Club information
- Full name: Wasserfreunde Spandau 04
- City: Berlin
- Founded: 1904

Water Polo
- Name: Wasserfreunde Spandau 04
- Founded: 1922
- Head coach: Hagen Stamm Athanasios Kechagias
- League: Deutsche Wasserball-Liga
- 2021/22: 2nd

= Wasserfreunde Spandau 04 =

German water polo and swimming club

The Wasserfreunde Spandau 04 is a swimming club in Spandau, Berlin, Germany.

The club is known for the professional water polo team, which has won a record number of German championships with 39, as well as German Cups (33) and Super Cups (17). In European tournaments the team has won 4 LEN Champions Leagues and 2 LEN Super Cup titles. The club has over 3,500 members.

The word Wasserfreunde is German for "Water Friends".

== Arena ==
The team plays its home games in the Sportzentrum Schöneberg.

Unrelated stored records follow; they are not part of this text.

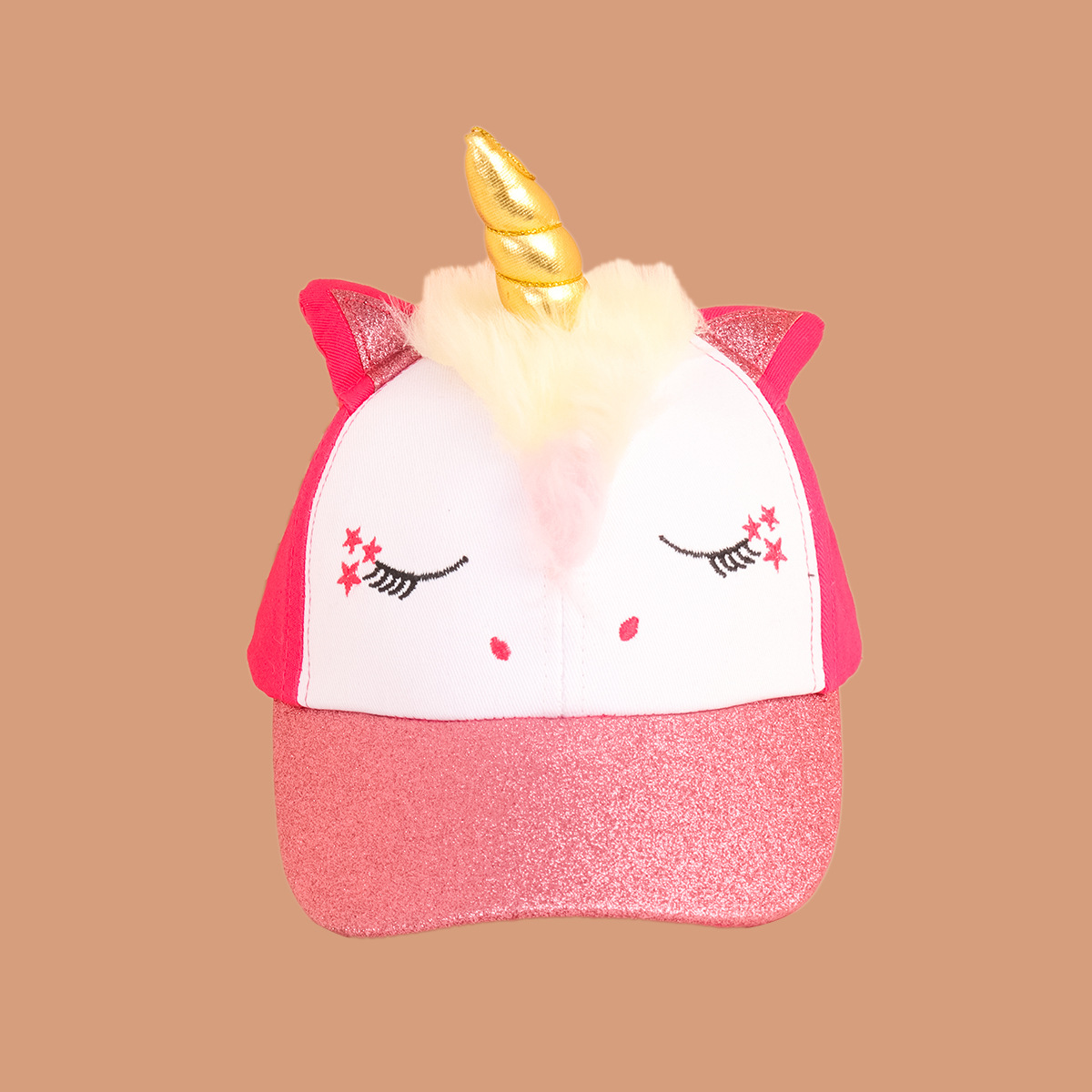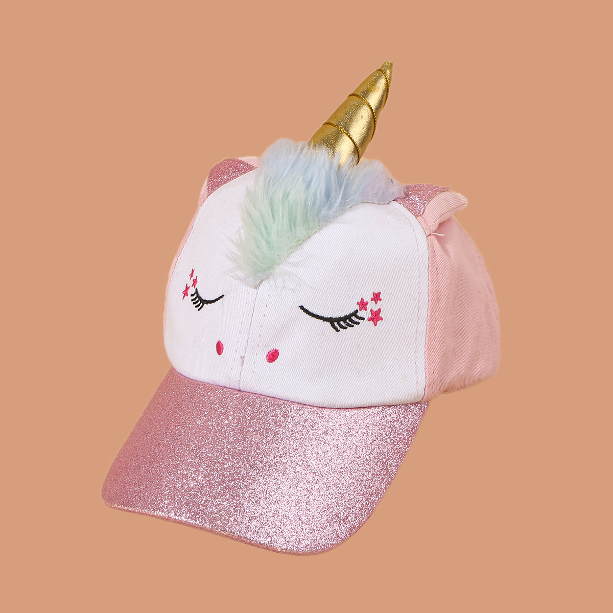 • 핑크 화이트 주문 유니콘 야구 모자-핑크 화이트
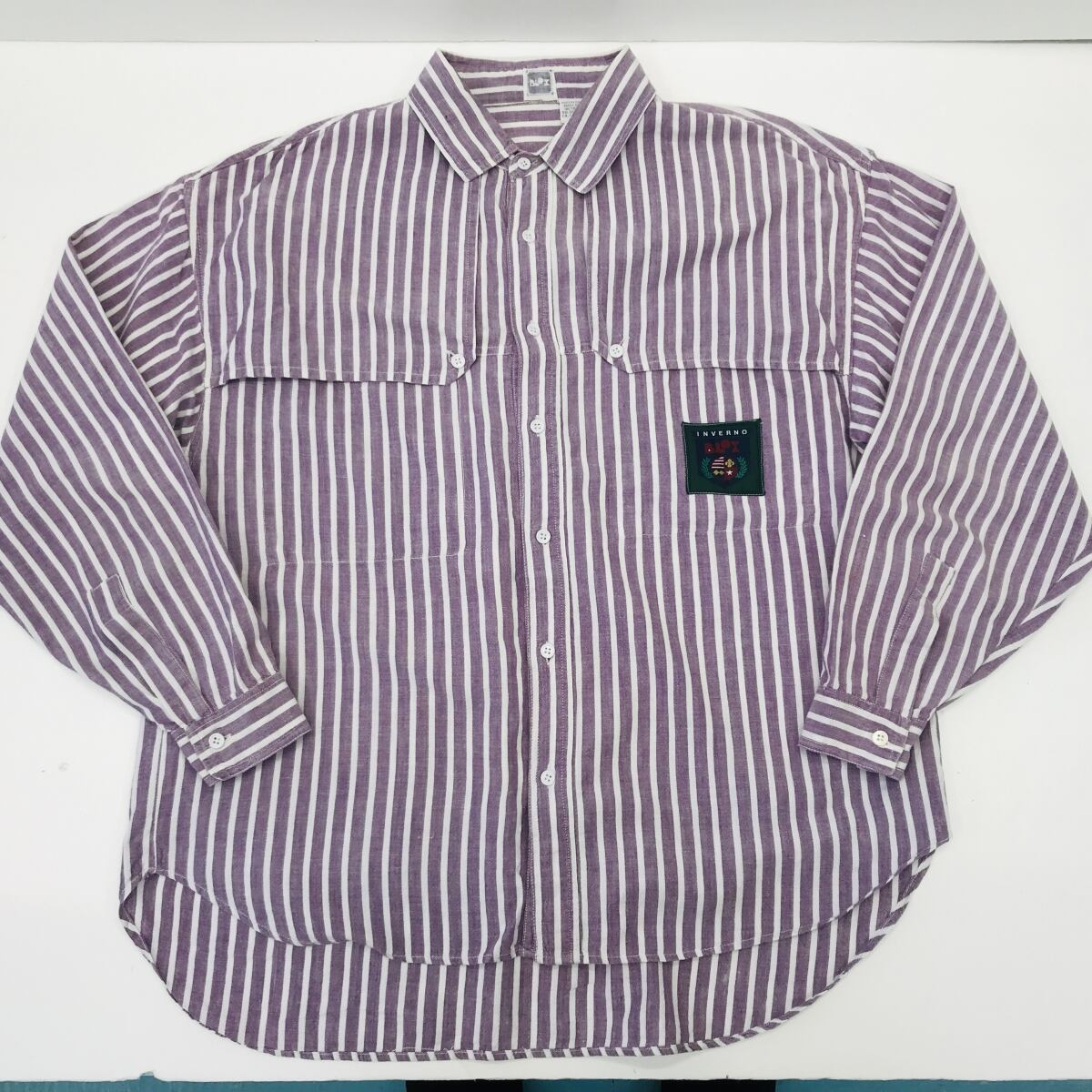 BLOX ブロックス 80〜90年代 長袖 80's 比翼デザインシャツ オックスフォード風ストライプシャツ ライトパープル XL
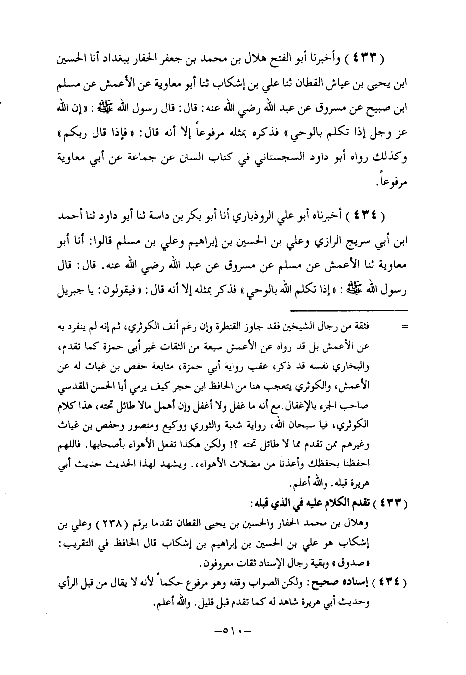 434 - أَخْبَرَنَاهُ أَبُو عَلِيٍّ الرُّوذْبَارِيُّ , أنا أَبُو بَكْرِ بْنُ دَاسَةَ , ثنا أَبُو دَاوُدَ , ثنا أَحْمَدُ بْنُ أَبِي سُرَيْجِ الرَّازِيُّ , وَعَلِيُّ بْنُ الْحُسَيْنِ بْنِ إِبْرَاهِيمَ , وَعَلِيُّ بْنُ مُسْلِمٍ , قَالُوا: أنا أَبُو مُعَاوِيَةَ , ثنا الْأَعْمَشُ , عَنْ مُسْلِمٍ , عَنْ مَسْرُوقٍ , عَنْ عَبْدِ اللَّهِ , رَضِيَ اللَّهُ عَنْهُ , قَالَ: قَالَ رَسُولُ اللَّهِ صَلَّى اللهُ عَلَيْهِ وَسَلَّمَ: §«إِذَا تَكَلَّمَ اللَّهُ بِالْوَحْيِ» فَذَكَرَ بِمِثْلِهِ إِلَّا أَنَّهُ قَالَ: " فَيَقُولُونَ: يَا جِبْرِيلُ -[511]- مَاذَا قَالَ رَبِّكَ؟ , فَيَقُولُ: الْحَقَّ , قَالَ: فَيَقُولُونَ: الْحَقَّ الْحَقَّ " وَرَوَاهُ شُعْبَةُ عَنِ الْأَعْمَشِ مَوْقُوفًا , وَقِيلَ عَنْهُ أَيْضًا مَرْفُوعًا , وَرُوِيَ مِنْ وَجْهَيْنِ آخَرِينَ مَرْفُوعًا

For 2027, the team plans to move to the then newly constructed arena in Spandau.

==Honours==
===European competitions===
- LEN Champions League
 Winners (4): 1982–83, 1985–86, 1986–87, 1988–89
 Runners–up (4): 1980–81, 1981–82, 1987–88, 1989–90
- LEN Super Cup
 Winners (2): 1986, 1987
 Runners–up (1): 1983

===Domestic competitions===
- German League
 Winners (39): 1979, 1980, 1981, 1982, 1983, 1984, 1985, 1986, 1987, 1988, 1989, 1990, 1991, 1992, 1994, 1995, 1996, 1997, 1998, 1999, 2000, 2001, 2002, 2003, 2004, 2005, 2007, 2008, 2009, 2010, 2011, 2012, 2014, 2015, 2016, 2017, 2019, 2023, 2024
- German Cup
 Winners (33): 1979, 1980, 1981, 1982, 1983, 1984, 1985, 1986, 1987, 1990, 1991, 1992, 1994, 1995, 1996, 1997, 1999, 2000, 2001, 2002, 2004, 2005, 2006, 2007, 2008, 2009, 2011, 2012, 2014, 2015, 2016, 2020, 2024
- German Supercup
 Winners (17): 1979, 1980, 1981, 1982, 1983, 1984, 1985, 1997, 1999, 2001, 2002, 2003, 2014, 2015, 2016, 2021, 2022

==Notable former members==
Yusra Mardini, trained with Wasserfreunde Spandau 04 after moving to Berlin from Syria; she went on to represent the Refugee Olympic Team at Rio 2016 and Tokyo 2020.